It would be really easy to go off on one and deliver my take on Covid-19. 

And yes, it would be my take so not quite like anyone else’s — and after all, we’ve all got our own take on this. Oh yes.

But despite the absolute shedloads of research I’ve been doing, and the extraordinarily eclectic mix of fascinating rabbit holes I’ve wriggled down, I’ve yet to emerge with enough to add anything of much coherence to all the noise out there.

So, for now, I’ll keep my peace and instead share a tiny experience that triggered a train of meandering thought…

Molly Dog and I were ambling along the edge of a field a little while ago. It was during that first blast of glorious weather we were treated to hereabouts in south-east England as lockdown in the UK kicked in. The sun was shining, the sky was wall-to-wall blue. I was thinking of nothing in particular that I can recall and then I heard it…

…from across the field, unfiltered and crystal clear, came the sound of a cockerel doing an absolutely textbook ‘cock-a-doodle-do’.

And I was pitched right back to the image of me as a very small girl, in a mountain auberge somewhere in the Alps. Or perhaps the Pyrenees. Either way, I would have been no more than five, en route with my parents on one of their summer expeditions, in this case to or from either the French Cote D’Azur or Spain.

From somewhere I’ve dredged up Barcelonette, a town in the southern French Alps, and in the absence of any way of confirming one way or the other let’s stick with that. 

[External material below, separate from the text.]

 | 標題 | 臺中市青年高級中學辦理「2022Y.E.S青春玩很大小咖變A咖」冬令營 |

So, going with Barcelonette, we would have wound our way up through the mountains to get there late afternoon or early evening. Arriving at the target hotel, my Mum would have been despatched to ask — in her immaculate French — whether they had ‘deux chambres pour une nuit’. (From a very early age, I had my own room in hotels — seems a little weird now, but it was of course my normal back then.)

Clearly, in Barcelonette they said ‘oui, nous avons les deux chambres’.

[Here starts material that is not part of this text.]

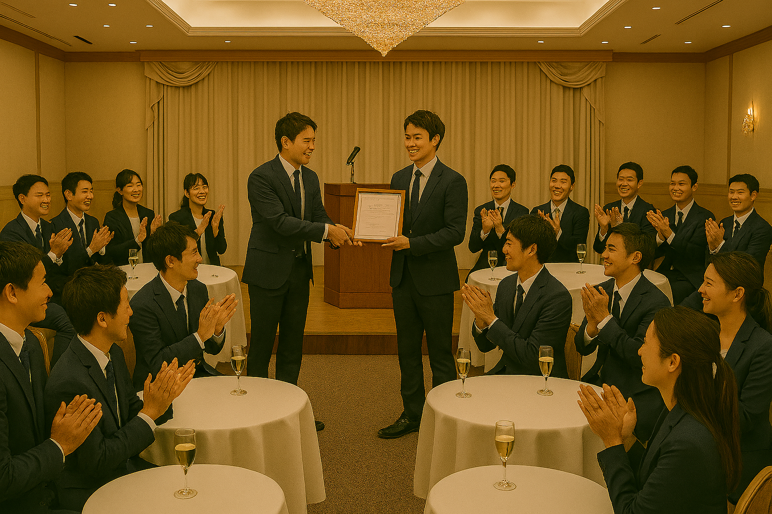 祝賀会では、会社に貢献した55名の社員を対象とした表彰式が執り行われ、役員より感謝と称賛の言葉が贈られました。

And what I recall most about this hotel — apart from the sunshine, the high summer edge taken off its heat by the altitude — was the wood, the dark wood. It was, unsurprisingly given the location, a genuine alpine chalet and perhaps this was the first time I’d seen that much wood in one place. (Whatever, it appears to have left its mark because — given absolute free rein — I would choose to spend my indoor life mostly in a chalet, and probably one in the mountains. Provided the mountains were near the sea, of course, or a river, or a lake…)

But the wood wasn’t the only thing to make a large and lasting impression. There was also the chickens. Again, perhaps this was a first for this city child: maybe this was the first time I’d joined the dots in real life between the hens in my picture books and the eggs on my plate. Because I recall both from that short interlude in the mountains — the chickens pecking around outside the hotel, and the gob-smackingly delicious, vibrant boiled egg on my plate the following morning.

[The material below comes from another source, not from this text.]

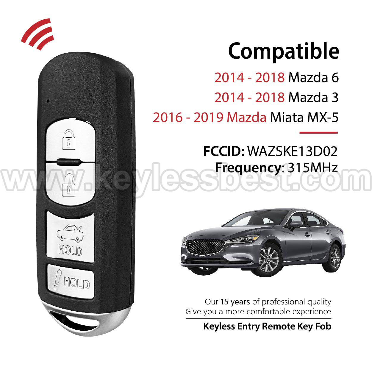 *The detailed information of this 2014-2019 Mazda keyless remote fob is as follows. Please confirm the following details match your vehicle before ordering: FCC ID , Part Number , Year Model , IC , Frequency, Chip, and Buttons.

And I also recall — even more vividly than all that wood and all those chickens — the sound of the resident cockerel. Again, it seems highly likely this was the first time I’d heard a cock crow and I lay in my bed in my little chalet room, looking out of the window at the blue, blue sky mesmerised by this amazing sound heralding a new day. And, if you think about it, it is an amazing sound. 

The cockerel carried on as I ate my egg in the tiny hotel restaurant — oddly, I don’t recall the meal in there the night before at all — and I could still hear him as we packed up the car, as Dad paid the bill from his French Francs wallet, and then as we made our way down the mountain. 

That whole interlude in the late 1950s must have made its way deep into my unconscious. So deep that whenever I hear a cockerel — and particularly so on clear, sunny, days — I am unfailingly instantly transported back to that auberge and the very small me logging a moment of wonder.

As Molly and I continued our walk, I pondered other sounds that trigger memories for me and came up with quite a few — music, mostly, which I know is a common human experience. I played about with a few as we headed home, not all of them bringers of joy, but then came another crystal clear cock-a-doodle-do and there was no contest: that one wins hands down, every time.